Overview
Elastic is the Search AI Company, enabling everyone to find the answers they need in real-time using all their data, at scale. Elastic’s solutions for search, observability, and security are built on the Elastic Search AI Platform, the development platform used by thousands of companies.
In 2021, Elastic reached the practical limits of the legacy continuous integration and continuous deployment (CI/CD) tool it was using. Buildkite offered a more flexible, scalable platform that helped Elastic to decrease pipeline run times, reduce infrastructure costs, and improve developer productivity to enable engineering teams to deliver critical updates and new features on time.
Kibana was the first Elastic product to migrate its CI/CD pipelines to Buildkite. Using Buildkite’s highly scalable architecture and unique dynamic pipelines functionality, Elastic significantly reduced cloud infrastructure cost and decreased the Kibana CI/CD pipeline run time from 3 hours to 55 minutes. Elastic also took advantage of Buildkite’s developer-friendly UI to streamline CI error resolution, turning the CI system from the least-liked system in its developer experience surveys, to the most-liked.
Opportunity
Massively scalable CI, helpful and intuitive UI
Elastic has enjoyed much success over the last decade, and is known for creating Search AI products that developers and enterprises can rely on. As the business grew, the Elastic platform team found that the automation and CI that served their developers well ten years ago needed updating to meet the needs of the increased throughput and requirements of a modern, sophisticated product engineering organization.
First generation CI/CD solutions, originally developed in an age when teams deployed on a cadence of at most once a week, helped teams run automated testing in a standard environment before deploying. Today, teams expect continuous deployment (deploying multiple times an hour) across hundreds of engineers and high volumes of code changes.
“Investing in our existing system to make it more reliable or faster didn’t make sense for us,” says Brian Seeders, principal engineer at Elastic. “Buildkite provided the capabilities we needed to easily meet the requirements of the business, and so the age-old choice of build-versus-buy was an easy one. This has allowed us to focus our efforts on innovation rather than maintenance.”
It was not just the CI system that hit a scale limitation. As the Kibana team grew, so did the natural interdependencies between developer teams, which resulted in increased complexity when triaging and resolving problems. Without a developer-friendly self-service interface, Elastic’s team members spent an increasing amount of time troubleshooting infrastructure logs across the organization to prevent developers from waiting on cross-team dependencies.

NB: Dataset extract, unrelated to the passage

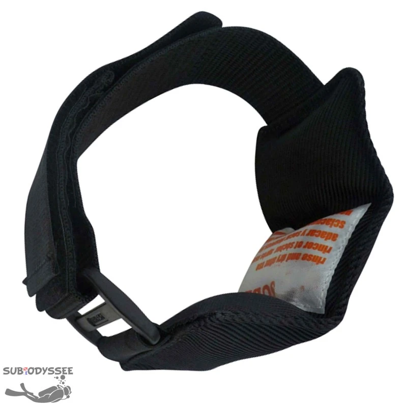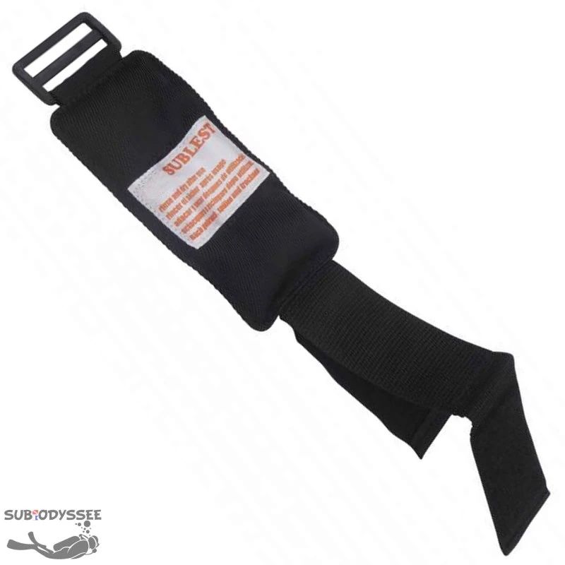 Plomb de cheville 750g souple à grenaille de Sublest, composé d’une pochette remplie de grenaille inox avec bandes velcro & boucle sur sangle élastique (réglage pratique & précis).

Elastic needed a flexible, scalable CI/CD solution that would enable them to reduce both pipeline run times and cost, while at the same time free developers to work independently. After thoroughly evaluating the market, Elastic found that Buildkite’s massively scalable architecture and unique dynamic pipeline generation would allow it to create well-architected, easy-to-maintain pipelines, and also take advantage of cost savings in cloud infrastructure. Buildkite’s built-in developer interface would also improve CI troubleshooting to deliver a more positive developer experience.
Solution
Reducing costs and iteration cycles using Buildkite’s dynamic pipelines and unlimited concurrency
Designing the CI system we needed to meet our goals was so much easier once we moved to Buildkite,” says Seeders. Elastic used Buildkite’s unlimited concurrency to parallelize and scale out as much as they wanted. “This allowed us to break things up into short, small steps and use spot VMs to reduce costs,” Seeders says. “Next, we worked on bandwidth optimization. At the end of the day, we were able to significantly reduce our cloud infrastructure costs.”
To reduce pipeline run time, the Kibana team leveraged Buildkite’s dynamic pipelines capability to create a system that automatically splits test suites across a growing number of Buildkite steps. “Previously, we had statically-defined groups of test suites that someone would have to manually rebalance when CI got too slow,” says Seeders. “Now, our CI system dynamically breaks up our tests into steps based on their average historical runtime such that they all complete within our target build time. It’s still running reliably, within our target, years later. This would not have been practical with our previous CI solution.”
To remove the need for developers to rely on other teams to troubleshoot CI errors, Elastic turned to Buildkite’s pipeline dashboard. Out of the box, the Buildkite build page (developers’ first port of call when troubleshooting) provides easy access to logs and other information that was either confusing to find or completely unavailable in Elastic’s previous CI. Elastic also took advantage of Buildkite’s pipeline annotations, a feature that enables teams to push customized information to the top of the build page. “Developers don’t have to search or go to other teams for error information anymore,” says Seeders. “It’s just right there.”
This improved developer experience meant that CI team members no longer spent as much time helping others track down logs and errors, freeing them to focus on projects that bring more efficiency and value to the company.
Elastic reports that the migration itself was very smooth. “We ended up not needing to re-implement a significant portion of our Jenkins pipeline files because the functionality that we used to accomplish via extra Groovy utilities came built-in with Buildkite pipelines,” says Seeders. “Buildkite just works the way you want it to in so many scenarios.”
Next, Elastic is working to further reduce run times by selectively building and testing only the parts of their codebase that changed, or were affected by a change, rather than building and testing the full monorepo on every pull request. Using Buildkite dynamic pipelines, an initial pipeline can triage further workflows at runtime, only triggering the necessary pipelines, jobs, or commands specific that build or change (rather than running through a series of preconfigured jobs that may not be applicable).
Outcome
Supporting fast, cost-effective CI with Buildkite
“The impact on turnaround time for developers has been huge,” reports Seeders, “We reduced the wait time on the pipeline that runs pull requests for Kibana from 3 hours to 55 minutes. That’s the difference between pushing a change and finding out if it’s good tomorrow, and pushing a change and being able to continue your work today.”
“From the engineers’ perspective, the improvement was immediate,” says Seeders. “We’ve only gotten positive feedback about how much easier and faster the new system is.”